Prior to the reissue, the original ’679 patent included one independent claim and 23 total claims, whereas the reissue application adds nine new independent claims and a total of 68 additional claims to better encompass the breadth of technology to which LaserSight is entitled. The 23 original claims remain essentially unchanged.

The Patent and Trademark Office allows reissue applications to be filed subsequent to a patent being issued to allow a patent owner to broaden claims that may have been constructed too narrowly in the original patent. The Notice of Allowance of LaserSight’s reissue application confirms that the original ’679 claims were, indeed, narrower than necessary, and the claims added during the reissue have strengthened and expanded the scope of the patent’s coverage.

The fundamental teachings of the original ’679 patent encompass a refractive laser system utilizing an excimer laser with a low fluence and high repetition rate that ablates corneal tissue using small pulses delivered to the corneal surface in an overlapping pattern. Through the reissue process, LaserSight was able to broaden several elements of the ’679 Patent’s original claims by removing certain restrictive elements.

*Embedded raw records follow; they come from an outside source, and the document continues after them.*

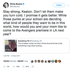 Keaton Jones is a middle school student who resides in Tennessee. Jones received international media attention in December 2017 after a video his mother posted online recounting him being bullied went viral on social media. [1]
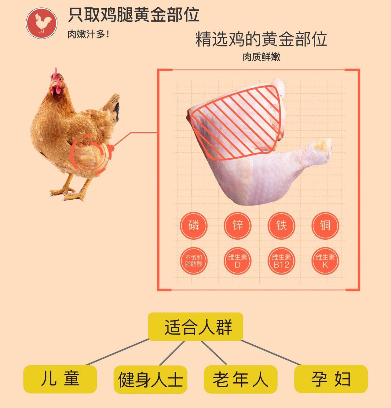 2.只取鸡腿黄金部位的肉,肉嫩汁多!
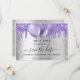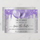 Un arrière - plan faux argenté décoré de parties scintillant et de ballons violet, couleur lavande. Personnalisez et ajoutez une date et un nom/âge. Le texte : Save the Date est écrit avec un grand script de style à la main tendance.
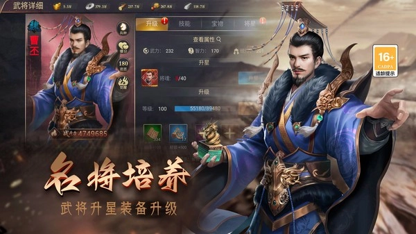 您可以在游戏中对武将进行升级、进阶,以此增强武将的战斗力并增加其带兵数量。
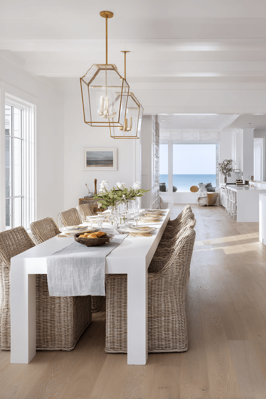 Coastal dining feels fresh and modern when sleek tables meet woven textures in beach house decor. Minimalist furniture pairs beautifully with linen runners and natural fiber chairs. The blend of simplicity and texture creates warmth. Soft lighting enhances the relaxed atmosphere. Keep tones light and cohesive. Tap to elevate your dining space with coastal elegance.
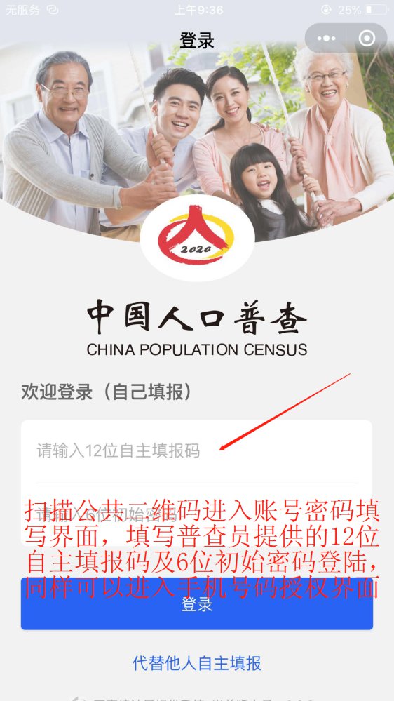 打开微信“扫一扫”,扫描普查员所提供的住户唯一二维码或者扫描公共二维码(正式普查时公布)用账号密码进入第七次全国人口普查小程序。

LaserSight now owns exclusive rights to methods for ablating tissue that comprise the provision of a basic laser having a pulsed output laser beam of a fundamental ultraviolet wavelength of 193 nm exiting from an output window of the basic laser, and a repetition rate of 1 Hz to 1000 Hz; the focusing of the pulsed output laser beam onto the tissue to a predetermined generally fixed spot size; and the scanning of the pulsed output laser beam, through known positions of an optical device moved by galvanometric forces, into a substantially overlapping pattern of beam pulses on the tissue such that adjacent ablation spots on a single ablation layer of the tissue significantly overlap one another and remove from 0.05 to 0.5 microns of tissue per pulse.